Task to complete | Only one part of the listing is needed: the lines from the one with "To create Milestone" through the last line, copied exactly and free of pictures.

Dataset excerpt |
——————————

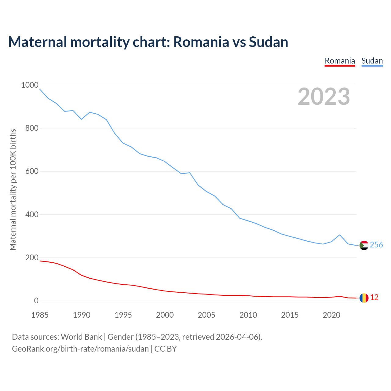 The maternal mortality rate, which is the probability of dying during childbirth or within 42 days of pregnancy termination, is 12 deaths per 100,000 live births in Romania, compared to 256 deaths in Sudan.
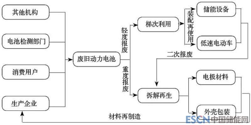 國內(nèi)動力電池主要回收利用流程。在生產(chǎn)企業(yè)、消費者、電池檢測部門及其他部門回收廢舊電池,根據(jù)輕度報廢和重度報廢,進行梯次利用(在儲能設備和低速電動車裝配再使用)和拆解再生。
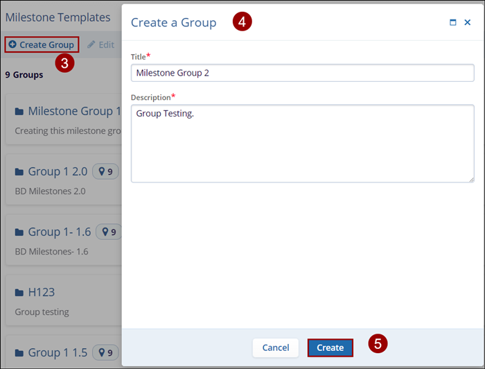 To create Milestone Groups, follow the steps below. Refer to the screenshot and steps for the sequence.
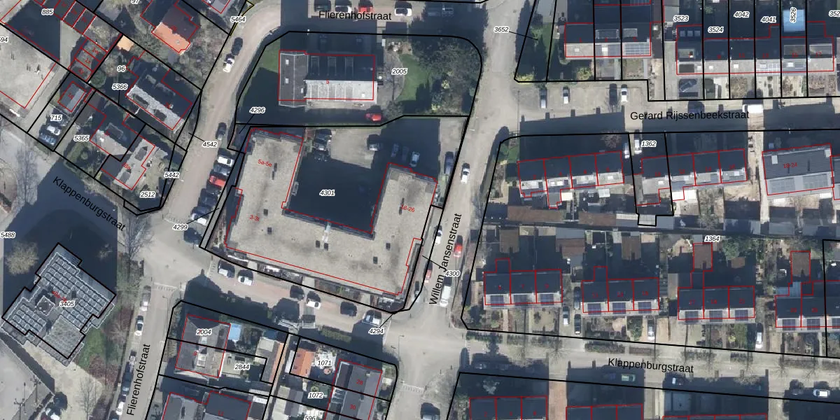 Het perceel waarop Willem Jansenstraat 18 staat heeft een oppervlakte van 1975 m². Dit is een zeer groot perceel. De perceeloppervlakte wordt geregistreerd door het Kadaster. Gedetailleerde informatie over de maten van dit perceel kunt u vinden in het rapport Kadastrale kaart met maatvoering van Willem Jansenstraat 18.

——————————

Result below |
 To create Milestone Groups, follow the steps below. Refer to the screenshot and steps for the sequence.
 Het perceel waarop Willem Jansenstraat 18 staat heeft een oppervlakte van 1975 m². Dit is een zeer groot perceel. De perceeloppervlakte wordt geregistreerd door het Kadaster. Gedetailleerde informatie over de maten van dit perceel kunt u vinden in het rapport Kadastrale kaart met maatvoering van Willem Jansenstraat 18.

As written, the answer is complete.